Friends of Casco Bay works hard to reduce stormwater pollution. Stormwater delivers some of the largest loads of pollution into Casco Bay. As stormwater flows over our roads, driveways, parking lots, and buildings, it collects a toxic slurry. Instead of filtering into the soil, water sheets off these impervious surfaces, picking up pesticides and fertilizers from lawns, exhaust and salt from roadways, pathogens from pet waste, and so much more. Stormwater carries this toxic mix into our rivers and streams, and ultimately into Casco Bay, causing a host of water quality problems.

While stormwater pollution is very difficult to eliminate because it is so diffuse, we are making progress on this threat by ensuring that the Clean Water Act permits that regulate stormwater are effectively implemented.
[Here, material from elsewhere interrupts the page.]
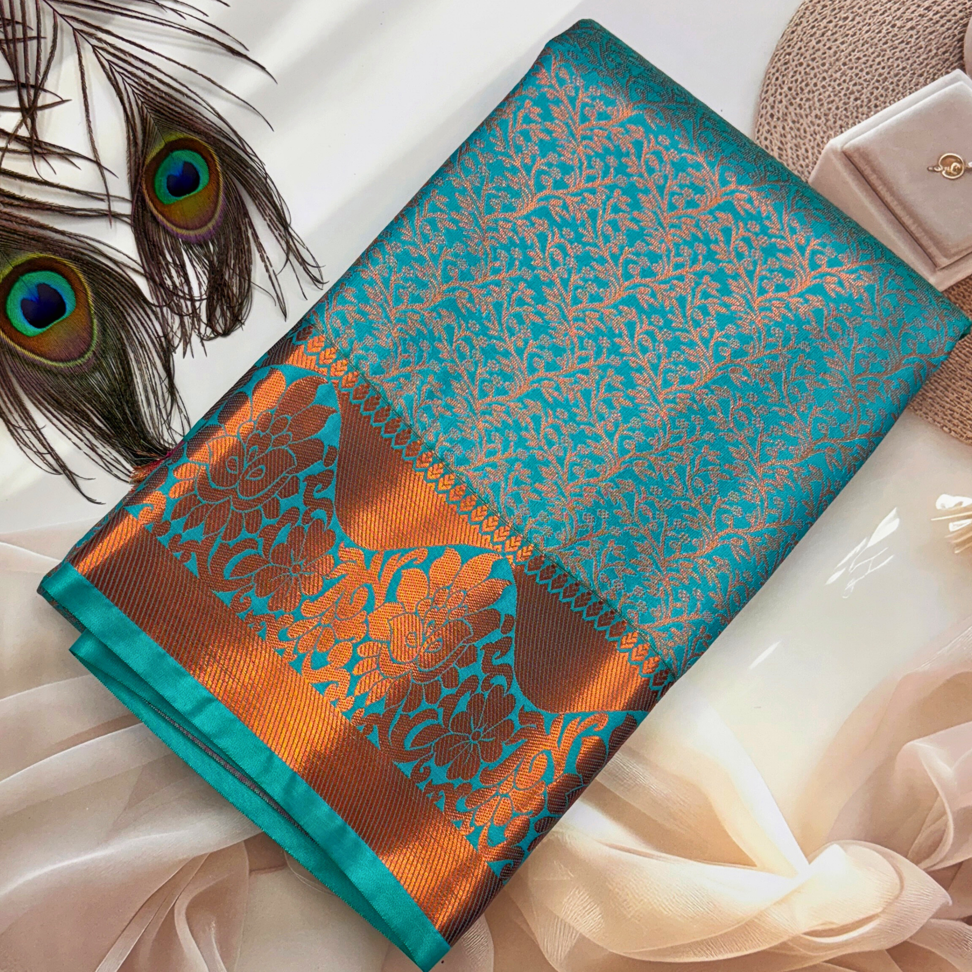 - Border: Golden zari floral motifs on a contrasting teal border.

We have good news to share on this front. We maintained the strength of the permit that regulates stormwater discharged from large urban stormwater systems into our watershed through a successful appeal to the Maine Board of Environmental Protection.

You may remember that last year we celebrated that Maine’s new municipal separate storm sewer system (or, “MS4” as it is called) permit went into effect. For the first time, towns subject to the permit were required to develop LID ordinances to reduce pollution to the “maximum extent possible.”

Late last year, the municipalities subject to this permit submitted their draft ordinances to the Maine Department of Environmental Protection (DEP) for approval. To comply with the MS4 permit, the ordinances should have included nine mandatory LID strategies designed to reduce stormwater pollution from new construction and redevelopment. Although the drafts submitted by municipalities in our watershed did not contain all of these necessary elements, DEP approved the drafts.

To ensure the MS4 permit was properly implemented, we appealed DEP’s approval of the incomplete ordinances to the Board of Environmental Protection, a seven-member citizen board that provides independent decisions on the interpretation and enforcement of Maine’s environmental laws. This was our second appeal to the Board involving this MS4 permit, a decision that we did not take lightly but was needed to protect the Bay.

In November 2023, the Board of Environmental Protection agreed that DEP should not have approved the insufficient draft ordinances. The Board vacated the approvals and ordered DEP “to expeditiously set clear, specific, and measurable standards for the municipal LID ordinances.” The municipalities the order applies to include Biddeford, Cape Elizabeth, Cumberland, Falmouth, Freeport, Gorham, Portland, Saco, Scarborough,  South Portland, Westbrook, Windham, and Yarmouth.

We will continue to participate in the process to be certain the redrafted ordinances contain all of the necessary elements.